Four years ago, in the dark and tender ten weeks between mid-January and early March, I completed the first draft of THE CROWS OF BEARA, some 110,000 words. The novel poured out of me. I had the time to catch all the words on paper. It was a synchronicity of circumstance—the graciousness of my then-partner that allowed me the time, free from the pressure of a day job, to write—and inspiration that brought the most precious elements of the story to my heart and soul. It is a standard I continue to hold myself against, as ridiculous as that is, for few among us have uninterrupted time to write our stories. We have vocations, ailing parents, second families, our first children, partners with dreams of their own who need our support, financial or otherwise.

 

Still, I have my own past productivity — three novels written in three years — against which I measure the writer I am now.

 

I’m often asked when my next book is coming out. I posted on Facebook a few weeks ago the triumph of having a short story placed in a literary journal. A number of people misread my post and congratulated me on my forthcoming novel. Someone reported having seen my third novel in a bookstore, which thrilled me to no end, except that the novel is still on submission in its quest for a publishing home. Maybe it was a dream. Maybe I’m manifesting my own misguided expectations.

 

During that time alone – a month as it turned out- I realized I’d gotten stuck in my own story. Not the one I’d been trickling into Scrivener, but the one I had stored in my heart. I took the time to do so many things other than write. I sat in silence. I remembered. I mourned. I began to forgive myself.

 

And then I continued to write.

 

This novel will take as long as it takes. If I have one resolution for this year, it is to manifest grace. Grace, and its sister-words mercy, generosity, tenderness, compassion, forgiveness, is my journey, the only way I will make it to the page. 

 

Forgiveness. The ability to forgive oneself. Stop here for a few breaths and think about this because it is the key to making art, and very possibly the key to finding any semblance of happiness in life. I believe, more than anything, that this grief of constantly having to face down our own inadequacies is what keeps people from being writers. Forgiveness, therefore, is key. I can’t write the book I want to write, but I can and will write the book I am capable of writing.
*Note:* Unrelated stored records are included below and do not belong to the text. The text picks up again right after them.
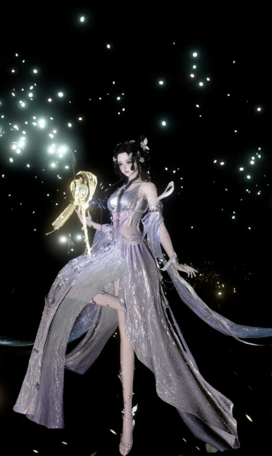例如下面这位玩家身着长裙,裙摆轻盈如薄纱,仿佛云朵般飘逸。她眼神坚定,宛如一位缪斯女神。还有玩家的每一个动作,都仿佛是在诉说着一个未被揭示的故事~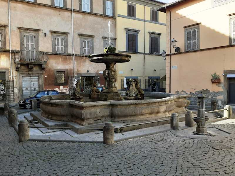 Der Brunnen im Zentrum der Altstadt von Tuscania stammt aus dem frühen 17. Jahrhundert und steht vor dem Dom. Eine schöne, kunstvolle Steinmetzarbeit.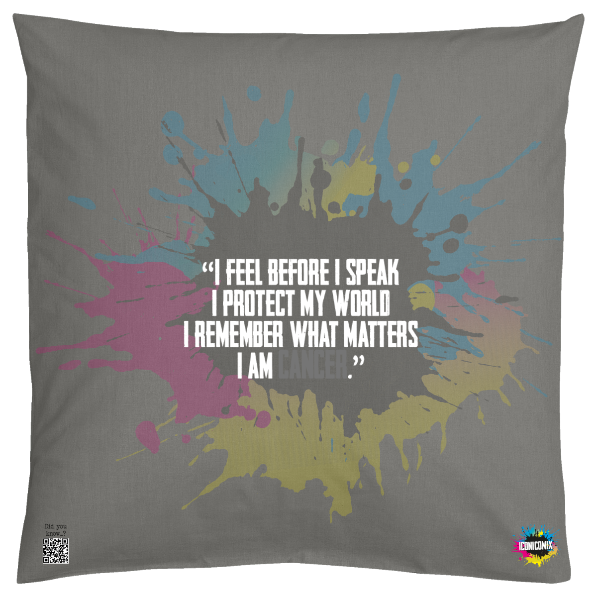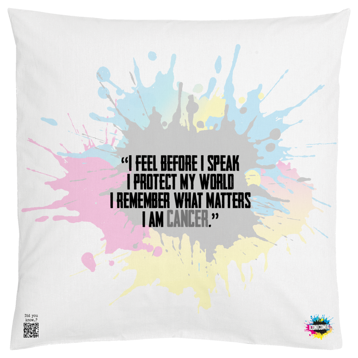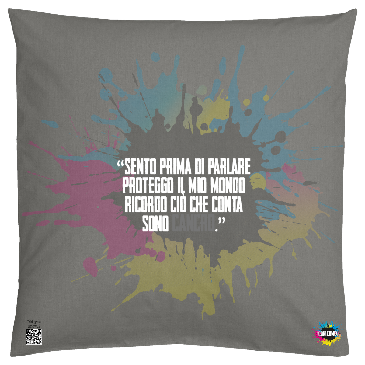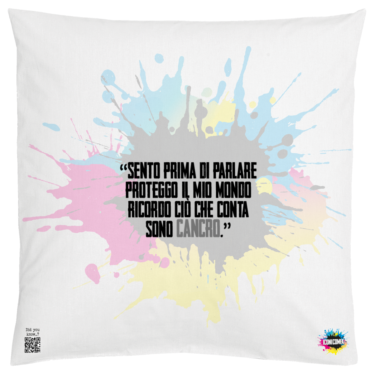 In ogni nostra grafica è presente anche un QR code che reindirizza al sito iconicomix.com, alla pagina ufficiale dell’icona che hai scelto. Una porta digitale che racconta la sua storia, le sue frasi e il suo mondo.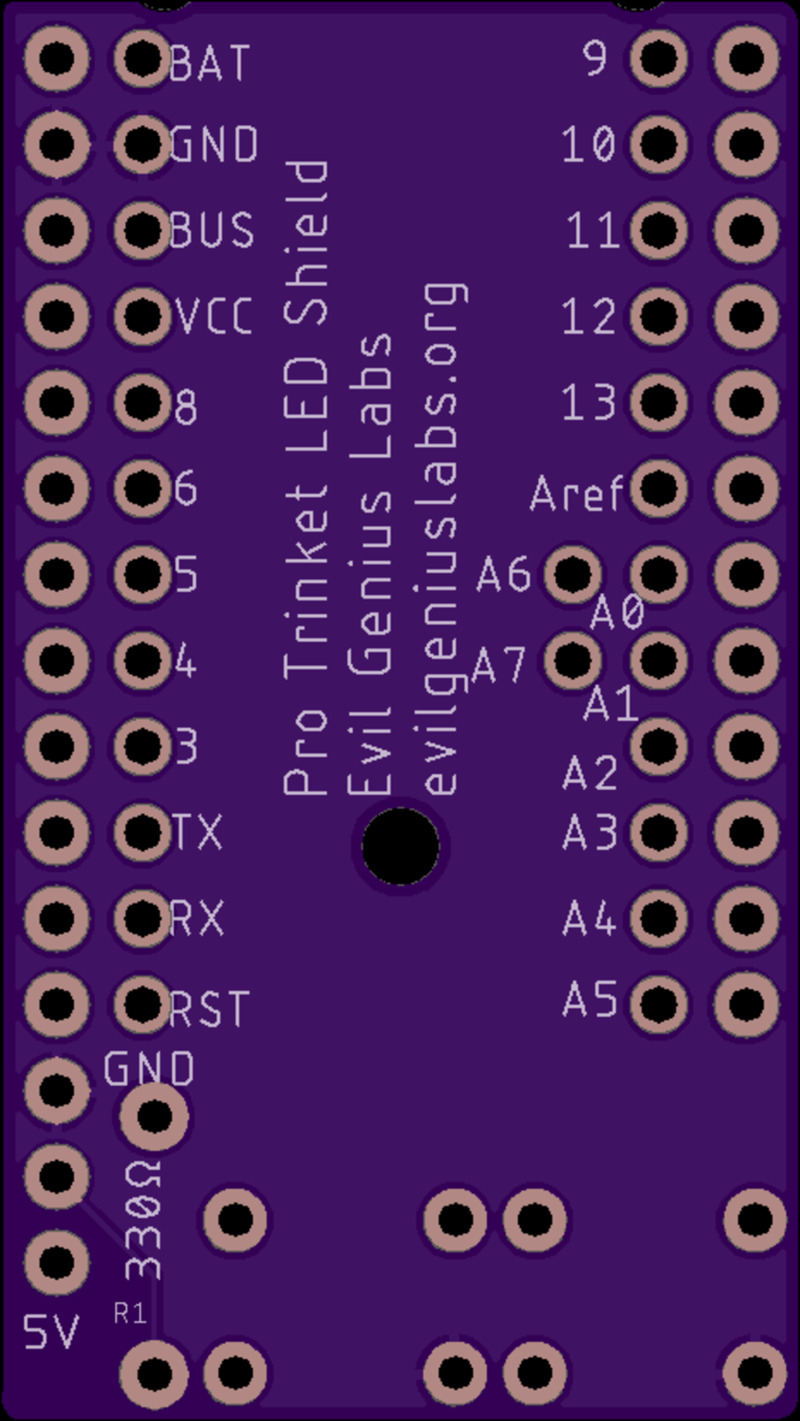 This is a shield/breakout for Adafruit Pro Trinket - 5V that makes it easy to control addressable RGB LEDs, such as WS2811, WS2812 (Adafruit NeoPixels), SK6812, etc. The Adafruit Pro Trinket - 5V is an excellent Arduino compatible development board based on the ATmega328.
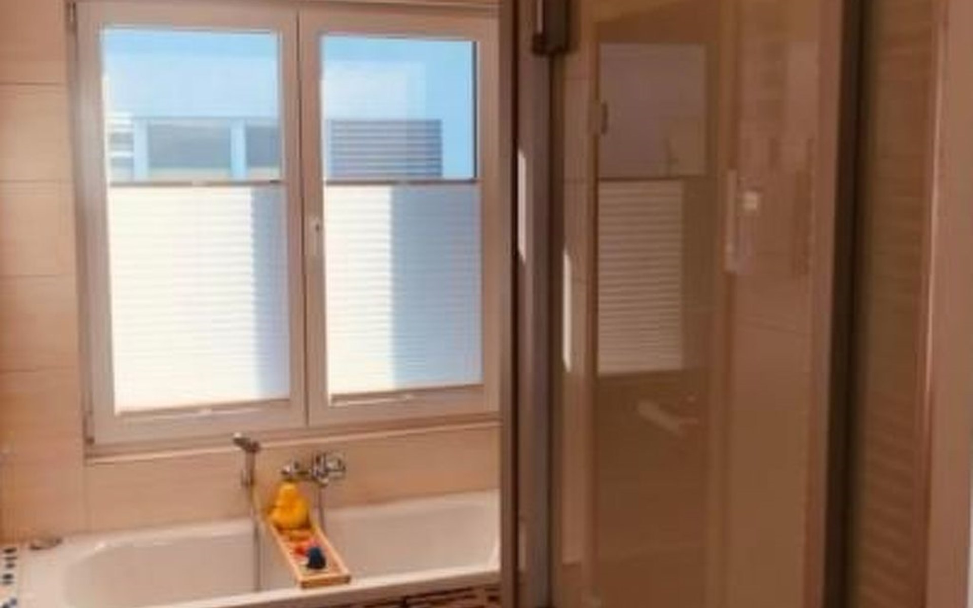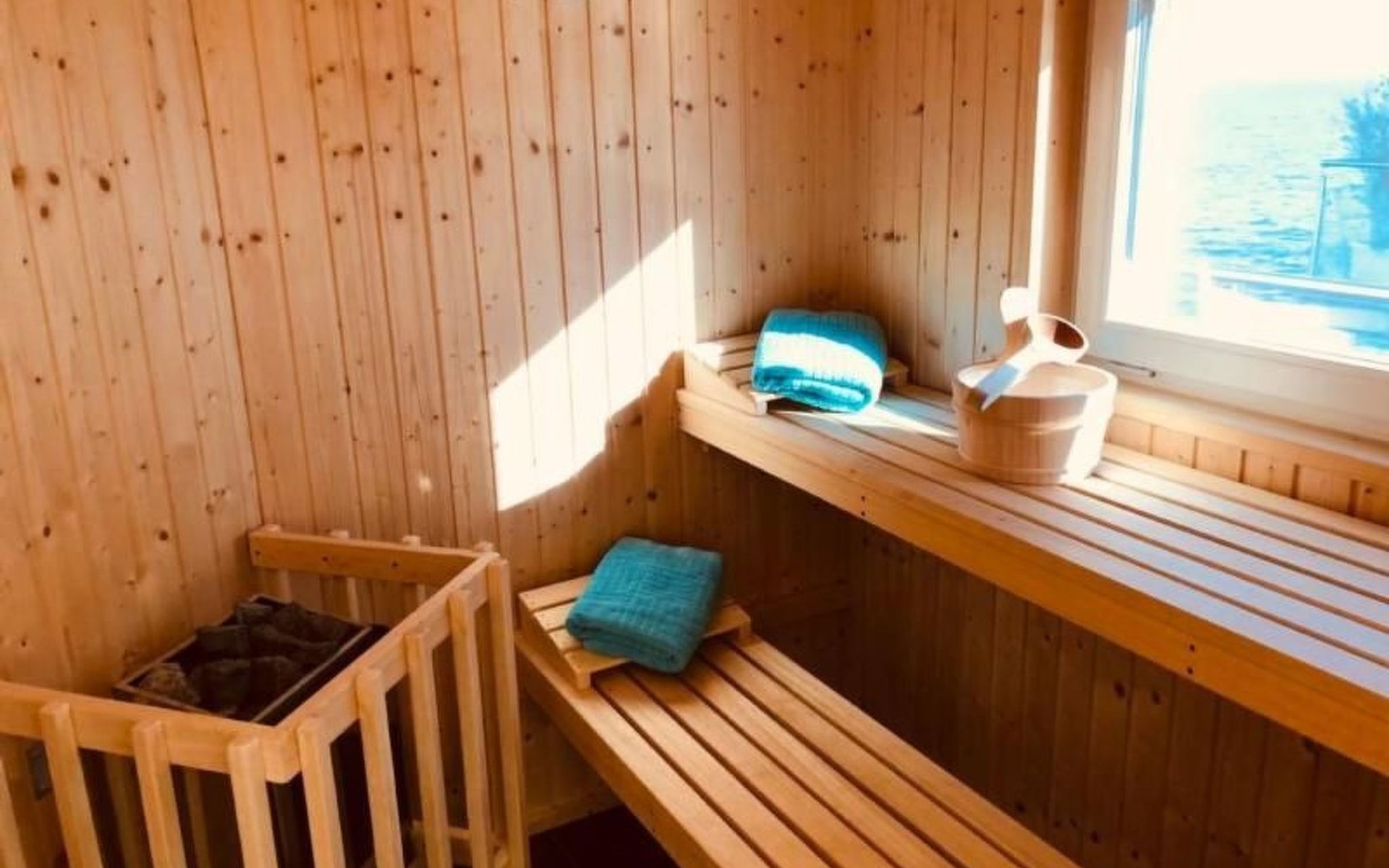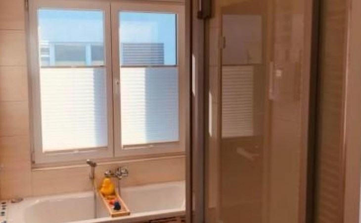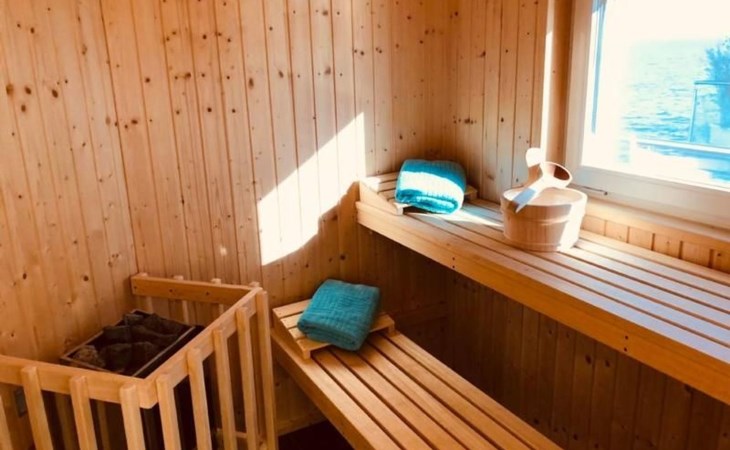 Das große, modern geflieste Bad mit XL- Duschkabine, Wanne mit Blick auf den See, Waschtisch und separater WC-Kabine bietet jeden erdenklichen Komfort. Die Finnische Sauna hat ein nach außen verspiegeltes Fenster mit herrlichem Blick auf das Wasser.

Again and again throughout the course of my life I will forgive myself.   Ann Patchett, This Is the Story of a Happy Marriage 

Refilling the Well

“You may do this, I tell you, it is permitted. Begin again the story of your life.”  Jane Hirshfield

 

My last post here was an outpouring of grief. I’d just lost my beloved cat, Camille, a loss that stops me cold in quiet moments. But in her death was the grace and necessity of catharsis, for in the mourning of that sweet creature, I released the grief of other losses, regrets, and pain: my marriage, my mother, my miscarriages, even of friends who fell away when my personal storms blew the satellite models of normalcy to hell.

 

I resurfaced in the midst of grief, still surrounded by it, but no longer carried away in its current.

 

At some point I wandered away from social media, without intention (I feel frissons of Fremdscham when people announce on Facebook that they are taking a Facebook break; I imagine someone loudly announcing their departure in the middle of a crowded party. The room goes silent for a second, then there is a collective shrug, a turning away, and the cacophony resumes at a higher intensity, uncaring and annoyed). I’ve felt strongly the need to reserve my energy and thoughts for my work, to preserve my words. At the same time, my reading picked up pace, resuming its former, pre-marriage-ending levels when my concentration was intact: two, three novels a week. I wondered if I were procrastinating—all this reading of others’ work instead of focusing on my own—but I realized this too was part of the work, as it ever has been. I am refilling the well. Reading, writing reviews, brought me to the page in the first place. The more I fill my soul with sentences and phrases that make it sing, the more I have to work with. The more I write. First comes the necessary stillness, then the slow trickle of ideas that become words that become a story.

 

It’s been nearly three years since I’ve given myself over with abandon to new characters, although our time together is only so many stolen moments—in the stillness of early morning, a warm late afternoon at water-view beer garden picnic table; a sleepy Sunday in the backyard as the dryer vents out heated air…

 

I’ve written through three weeks without a laptop, after mine died and I waited for the replacement to travel from mainland China to Taiwan, Hong Kong, Alaska, Kentucky (?), Seattle and finally my front door. I indulged in new notebooks, copying passages from Jane Hirshfield’s Nine Gates: Entering the Mind of Poetry, scribbling story ideas while researching news articles on my phone.

 

I can’t recall when I stumbled across the Hirshfield line, “How fragile we are, between the few good moments.” Yet there it is, in a scene of my new novel, clumsily recited by Ben to Kate, who lets him ramble on, unaware the line isn’t his, and frankly, not caring. She’s not a poetry fan. She slips away from the reading a few minutes later, muttering something about a bad oyster in the ear of her friend Gina, who dragged her to the event. It’s Kate’s fragile moments I am exploring, even as mine become anecdotes in a larger life.

Renewal

The annual invoice from WordPress sits in my inbox. It assures me I don’t have to do anything, that my plan will renew automatically, billed to the credit card on file. But I know have to do something. That credit card was 86’ed last summer, when someone skimmed my number and posted $2000 worth of charges in an overnight online shopping spree. There were a couple of runs to a mini-mart somewhere in New Jersey that night, as well. Likely snacks to fuel the freeform larceny. At any rate, should WordPress try to charge the card that end in the digits 0824, it will be sorely disappointed. And I’ll receive another e-missive telling me the attempt failed.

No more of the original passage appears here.